At least 13 die in violence as North Indian guru is convicted in rape case
:: At least 13 people have died in North India in violent protests after a court on Friday convicted a self-styled “godman” guilty of rape, a senior state police official said.
“Thirteen deaths have been confirmed so far in Panchkula and two are critically injured,” a police official at the Haryana Police headquarters in Panchkula, a city in north India, told Reuters by phone.
Earlier in the afternoon, the court on Friday convicted the flamboyant leader of a quasi-religious sect of raping two of his followers, prompting thousands of supporters camped out near the courthouse to shout angry protests.
The court in the town of Panchkula announced the verdict in the 15-year-old case against the guru, who calls himself Saint Dr. Gurmeet Ram Rahim Singh Ji Insan, prosecutor H.P.S. Verma said.
Fearing an outbreak of violence, more than 15,000 Indian police and paramilitary soldiers were patrolling streets Verma said the sentence would be announced on Aug. 28.

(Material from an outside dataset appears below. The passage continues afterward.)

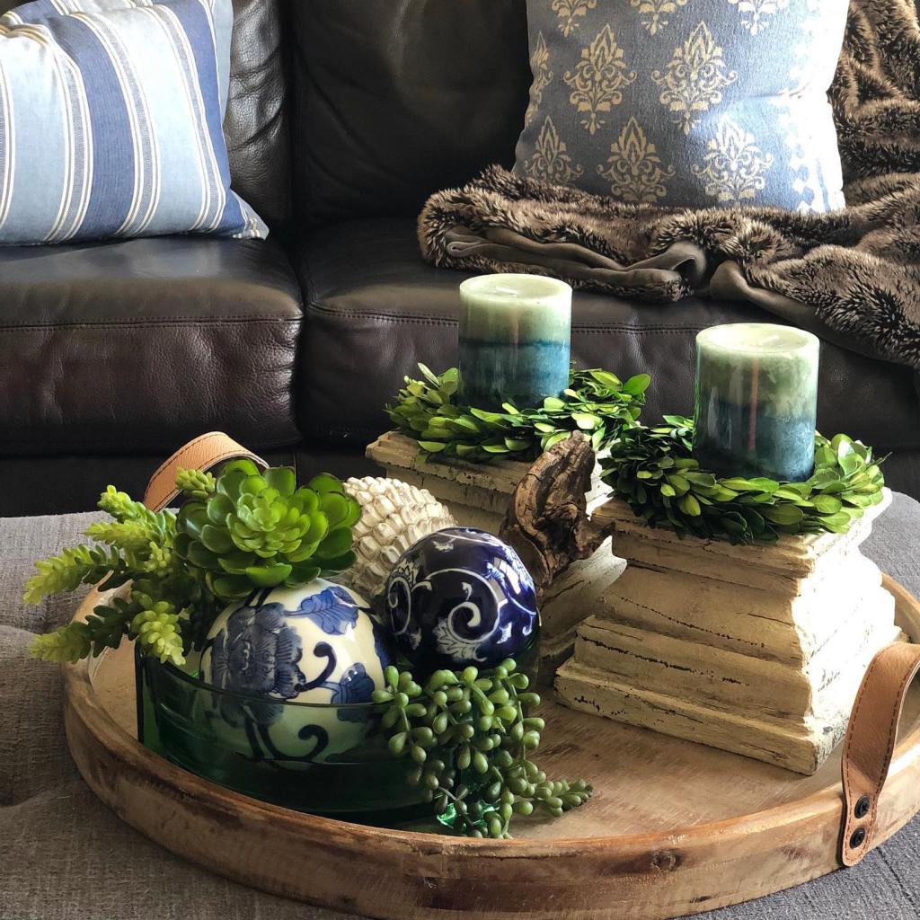 Adding a plant will bring life to the room. I mixed a vintage bowl with balls, bark, and succulents for my ottoman. As you all know I love blue willow and these blue and white balls are perfect to coordinate with the style. The driftwood I found at an antique store on the beach. And I always mix faux succulents in my bowl arrangements. If you do not have a green thumb a bowl of balls and succulents is easy upkeep. If you only want to water a plant once in a while, opt for a succulent arrangement or a terrarium. It is still beautiful but not as much work. Your final choice is to have fresh-cut flowers in a bowl that is replaced weekly.

The 15-year-old case was being tried in a special court run by India’s top agency, the Central Bureau of Investigation. The bearded guru, who had denied the charges, had arrived for the hearing with a 100-vehicle convoy that left his ashram early Friday.

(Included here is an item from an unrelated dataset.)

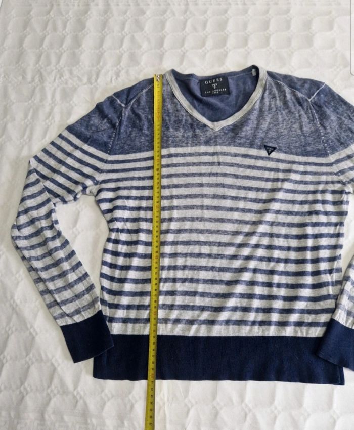 Pull Homme Guess Bleu givré chiné Marinière taille S décontracté - photo numéro 7

His Dera Sacha Sauda sect claims to have some 50 million followers and campaigns for vegetarianism and against drug addiction. It has also taken up social causes such as organizing the weddings of poor couples.
Huge followings
Such sects have huge followings in India. It is not unusual for leaders to have small, heavily armed private militias protecting them. Some 100,000 of his followers had camped overnight in parks, plazas and on the streets of the town, a quiet residential suburb of Chandigarh, which is the common capital of Haryana and Punjab states.
Police erected heavy metal barricades topped with barbed wire along main roads in the town, and blocked the road leading to the courthouse. Officers on horseback monitored the crowds nearby.
“We are prepared to deal with any situation, but are confident that adequate measures have been put in place,” said B.S. Sandhu, a top Haryana police official. Army soldiers will later march through the streets to garner a sense of security, Sandhu told reporters, as helicopters whirred overhead before the verdict was read.
Authorities ordered Internet and cellphone services shut down across both Haryana and Punjab as a security precaution. Train services were canceled through the area, leading to railway delays across north India. Schools and colleges were closed.